Бадмаев, наклонившись к лицу Чукалина, вышептывал с колдовской, властной силой:
– У нас секунды, Василь Яковлевич. Дай телефон Ивана Пономарева.
– Я же не помню…
– Он здесь, в портфеле, в записной.
– А черт… действительно…
Дрожащими руками Чукалин расстегнул портфель, достал записную книжку.
Внизу вой, визг и вопли сверлили уши.
– Вот, запиши.
– Читай.
– 338-46-17. Зачем тебе Иван?
– Все объяснит Евген. Он будет у вас ночью.
– Ни в коем случае! Схватят!
– Не бойся за него, отец Василий.
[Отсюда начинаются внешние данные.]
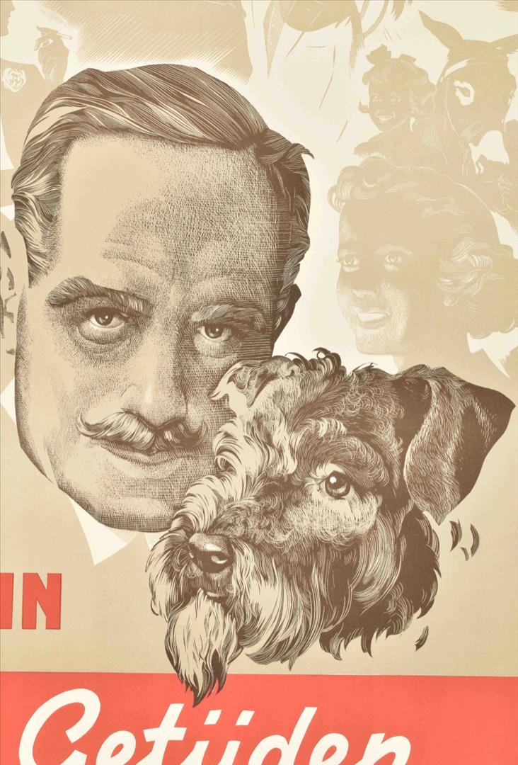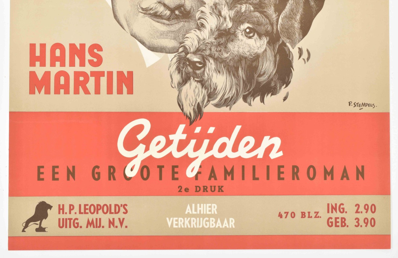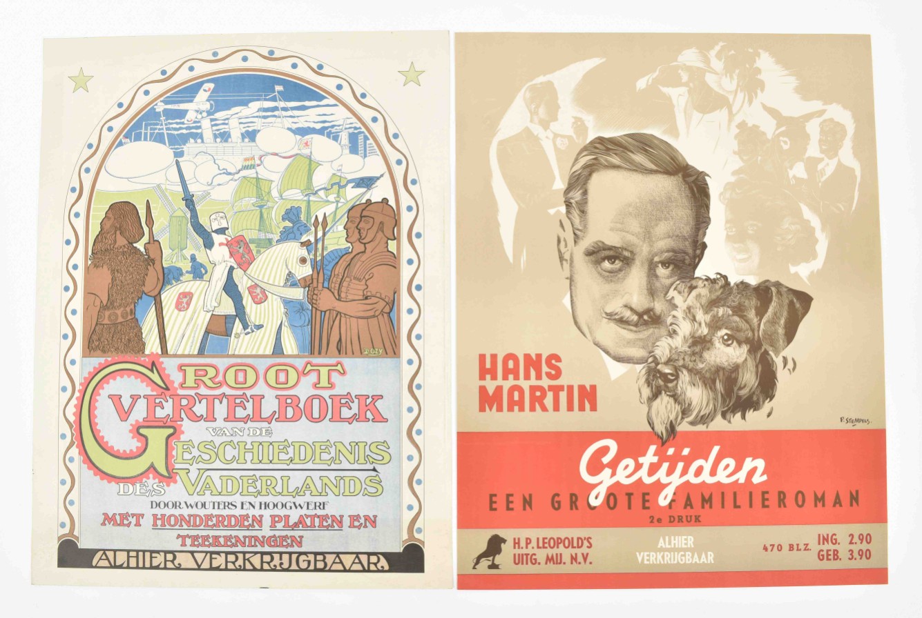Sl. dust soiled, minor crease in top blank margin. (2) Piet Stempels (first half 20th cent.). "Hans Martin. Getijden. Een grote familieroman. 2e Druk. Alhier verkrijgbaar." N.pl., H.P. Leopold's Uitg. Mij., n.d. (ca. 1939). Lithogr. poster printed in red, grey and black, signed "P. Stempels" in the image. 65 x 50 cm. Fine copy. (total 2)

Евгений у тебя кристально чист, хороший воин. Запомни, Василь Яковлевич: к ночи почувствуете что-либо не так вокруг – наденьте на голову кастрюли.
– Чего, чего?
– На голову – кастрюлю себе с женой.
– А может и сковороду на задницу?
– Лучше на сердце и на печень, – поморщилась, поправила «цыганка». – До встречи.
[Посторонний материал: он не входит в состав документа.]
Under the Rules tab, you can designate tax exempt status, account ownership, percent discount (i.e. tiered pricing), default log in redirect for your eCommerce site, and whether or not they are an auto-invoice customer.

Бадмаев вымахнул из кабинета. Схватил Земфиру за руку. Они сбежали с лестницы на первый этаж, свернули в вестибюль. Там кипела свара: толпа цыганок, вцепившись в разъяренного, потрепанного филера, визжала, волокла наружу:
– Ребенка чуть не убил, теперь хочешь удрать?!
Бадмаев и Земфира втиснулись в цыганский клубок. Земфира ввинтилась в бабий гвалт свирепым, воющим сопрано:
– Чавелы! Хватит. Идем в милицию – напишем заявление – хотел убить ребенка, у нас здесь не Америка, здесь родная Се-Се-Ерия! Скажи свою фамилию!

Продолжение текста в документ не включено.